Babies and ChildrenAsthma in babies: what it is, symptoms and treatment

Asthma in babies: what it is, symptoms and treatment

Asthma is a very common chronic respiratory disease in children, and it can also appear in babies and infants. Find out everything you need to know about her.

The Asthma is a respiratory condition that affects only children, youth and adults. Did you know that babies can suffer it too? It is, as we will see below, a chronic inflammatory disease of the airways, characterized by repeated episodes of bronchial obstruction.

In fact, although it is a respiratory disease that many people suffer in adulthood, there are times when it is also diagnosed at a very early age; so early that childhood asthma can be diagnosed even shortly after the baby is born, depending on the symptoms he has.

In any case, the baby is considered to be asthmatic when a child, less than 2 years old, suffers from more than two acute respiratory conditions in which wheezing, dyspnea and / or cough are heard.

What is the bronchial soul and why does it appear in the baby?

The Asthma is a condition that affects the lungs of the baby. It basically consists of an  inflammatory disease of both the lungs and the respiratory tract, which is characterized by being chronic.

As you probably know, the airways are the tubes that carry air to the lungs. When there is asthma, the baby’s airways tend to become irritated and inflamed, which can seriously affect his ability to breathe normally.

For this reason, it is so important to know what the symptoms of asthma attacks in the baby are, to prevent and / or treat them quickly. In fact, did you know that with proper medical treatment and a specific action plan for asthma, most asthmatic children can lead a practically normal life, without major problems?

What are your causes? Why does it appear?

Respiratory allergies are believed to be a direct cause of asthma, as it is estimated that around 80% of children with asthma also have allergies. For example, allergies to dust mites, animal dander, or mold.

There are also other causes that can influence the triggering of symptoms and subsequent disease. For example, viral infections, air pollutants like cigarette smoke, and cold, humid air.

All of these triggers are not a direct cause, but rather tend to make the baby’s asthma worse. Therefore, the following factors should be avoided:

  • Humid and cold climates.
  • Cigarette smoke.
  • Substances that cause allergic reactions.
  • Medications such as aspirin or ibuprofen.

Additionally, pet hair can make babies’ asthma worse, as dander on their skin tends to be a direct trigger. However, in this regard, extreme precautions must be taken.

In fact, it is common that, in babies, the first condition that the nursing baby suffers is bronchiolitis, which consists of a viral infection that causes an obstruction of the finest branches of the bronchi (the bronchioles) due to inflammation of the bronchi.

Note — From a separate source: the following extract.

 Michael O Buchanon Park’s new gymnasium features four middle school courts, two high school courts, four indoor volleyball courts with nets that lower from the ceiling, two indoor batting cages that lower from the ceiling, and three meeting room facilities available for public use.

Inner layers thereof.

What are the symptoms of asthma in babies?

When a baby has asthma, the airways tend to narrow, making it difficult for him to breathe in as well as to expel air from his lungs. Wheezing is common, consisting of a high-pitched hissing sound during breathing.

dry cough may also occur, especially in acute episodes, and wheezing is heard again at the end of each coughing attack. Linked to some degree of suffocation (dyspnea).

How is it treated?

When the child is so young, the most common medical treatment – inhaled bronchodilators – tend not to be as effective, which is why it is common to use steroidal anti-inflammatory drugs at first.

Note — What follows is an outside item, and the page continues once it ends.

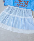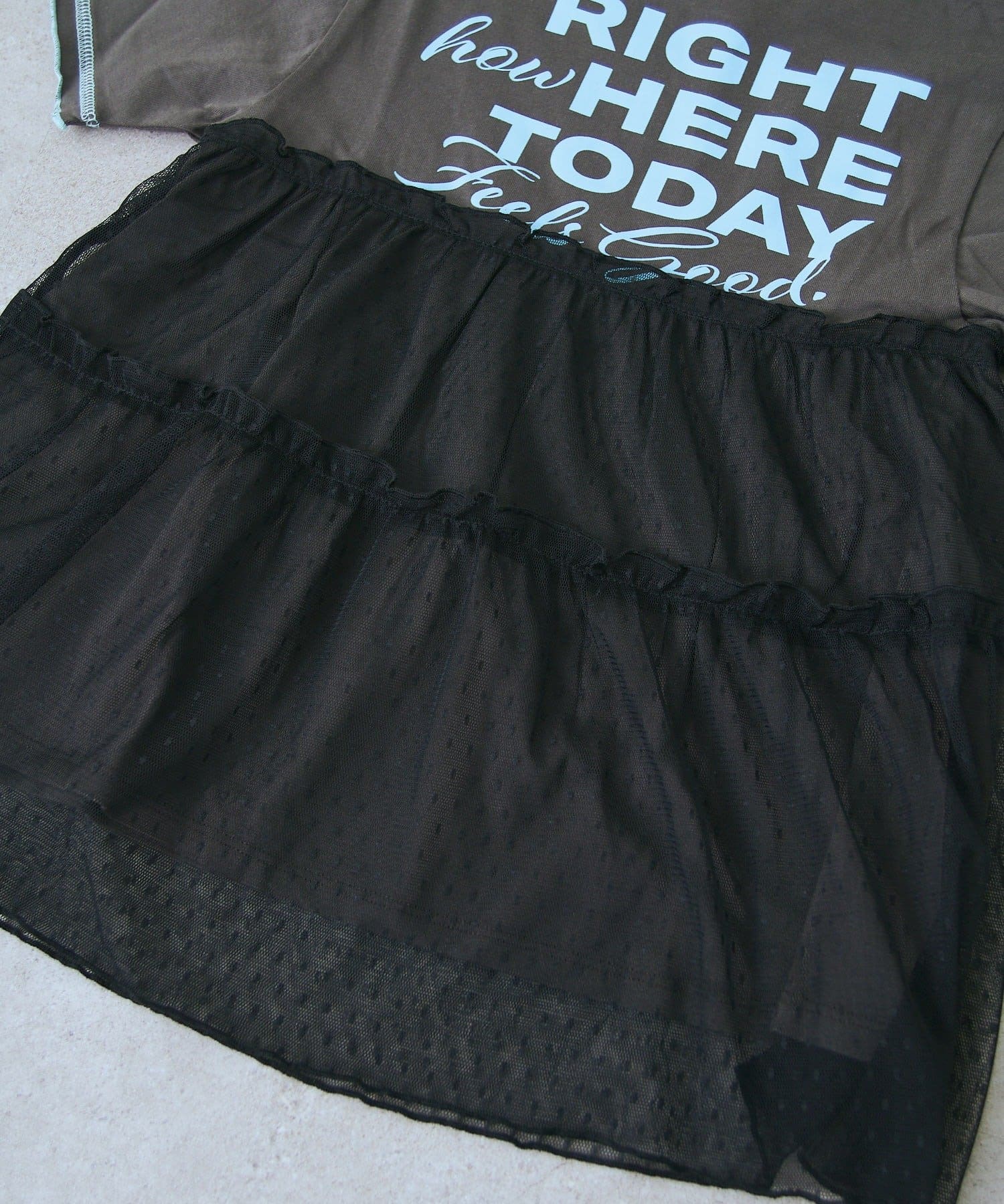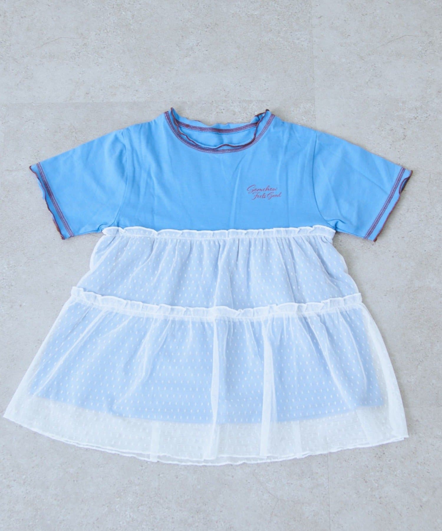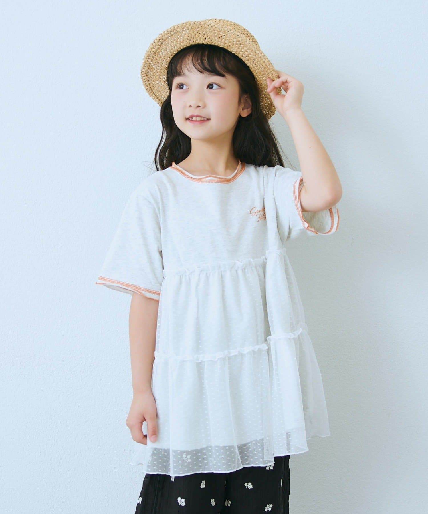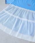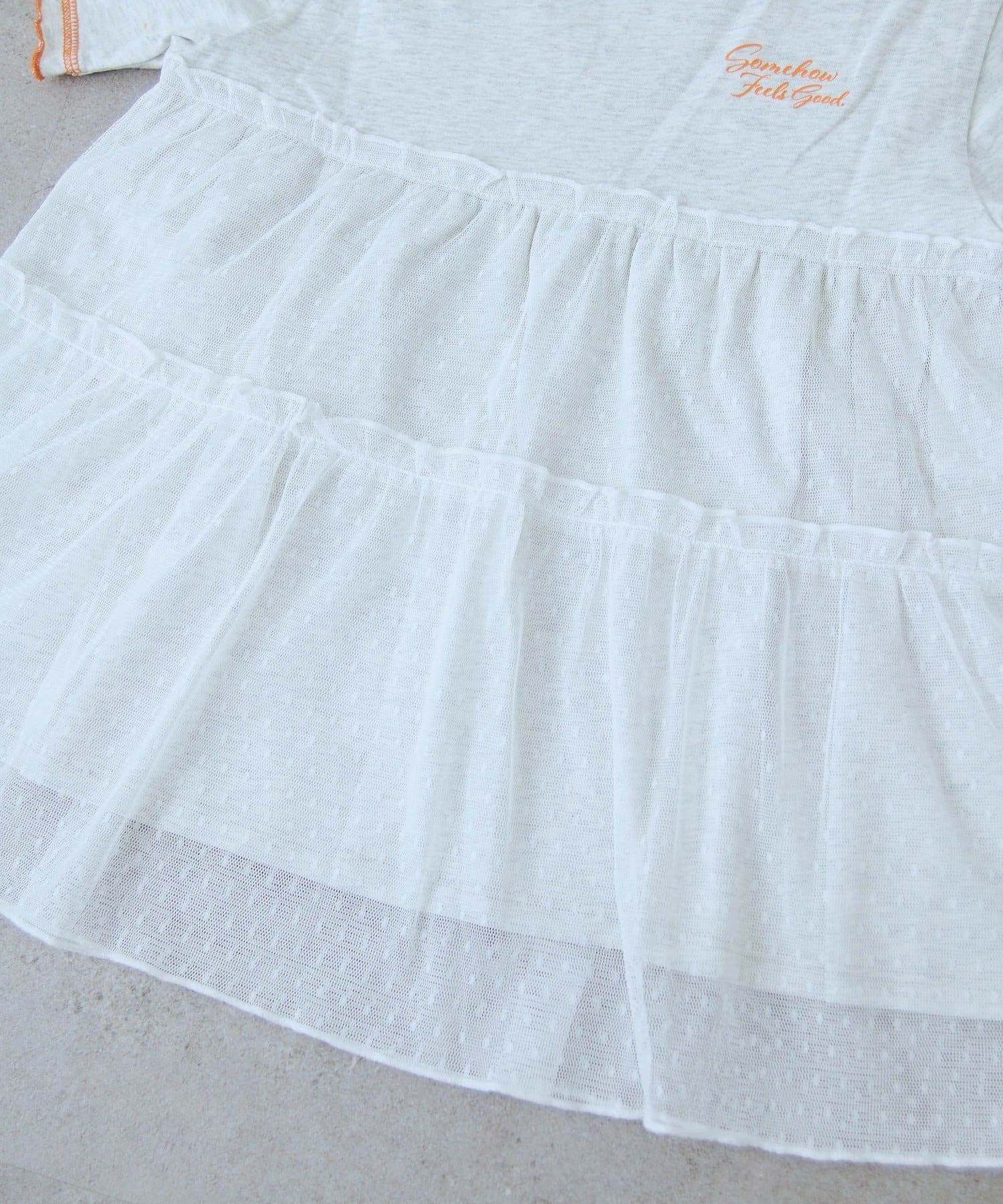やわらかな綿100%素材に、ドット柄のチュールを重ねた華やかさたっぷりの一枚。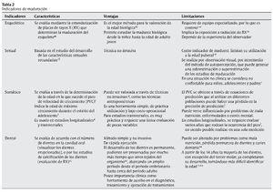 Los indicadores más usados para valorar la maduración biológica son a partir de los caracteres sexuales secundarios, edad esquelética y PVC (Malina, Bouchard, Bar-Or2), (tabla 2). Cabe destacar que la edad dental es también considerada como otra técnica muy amplia y de limitada aplicación, a pesar de que su uso es relevante para los odontólogos en general, ortodoncistas y pediatras en relación a las decisiones terapéuticas45.

However, the key is to find out what factor is triggering asthma attacks in the baby, so that it can be possible to develop a prevention strategy that helps to avoid them. For example, if the trigger is humidity and cold climates, it may be necessary to move and move to a warmer area.

What to do in case of an asthma attack? How to stop it?

There are known quick-relief medications that are used to stop asthma attacks, since they are able to facilitate breathing by relieving spasms of the airways. They are known as inhaled bronchodilators.

In this sense, for example, albuterol (in its most recognized brand, salbutamol), which is administered through an inhaler or a nebulizer, is common. While the inhaler is a small aerosol accompanied by a mask, so that the child inhales the medicine when he breathes through it, the nebulizer is a device that turns the liquid medicine into vapor, which is also inhaled through of a mask.